--- COLLECTED MATERIAL ---
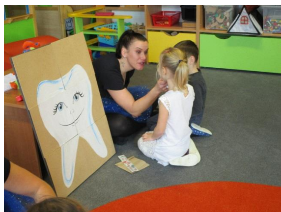
Fotky z pilotáže v MŠ Velké Hoštice.
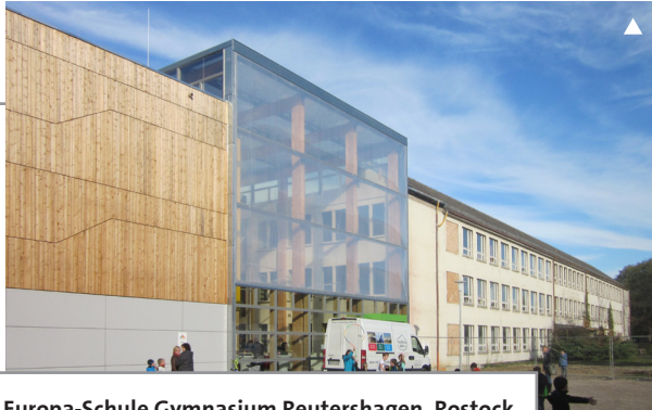
Europa-Schule Gymnasium Reutershagen, Rostock

Das Gymnasium und die angelagerte Grundschule sind sowohl anerkannte Europaschule als auch Ganztageschule und Förderstätte für besonders hochbegabte Schüler. Daraus resultieren Anforderungen an flexible Raumnutzung, daher soll hier auch ein neues räumliches Konzept entwickelt werden.
---
Could you print the material above word for word and skip the images?

Fotky z pilotáže v MŠ Velké Hoštice.
Europa-Schule Gymnasium Reutershagen, Rostock

Das Gymnasium und die angelagerte Grundschule sind sowohl anerkannte Europaschule als auch Ganztageschule und Förderstätte für besonders hochbegabte Schüler. Daraus resultieren Anforderungen an flexible Raumnutzung, daher soll hier auch ein neues räumliches Konzept entwickelt werden.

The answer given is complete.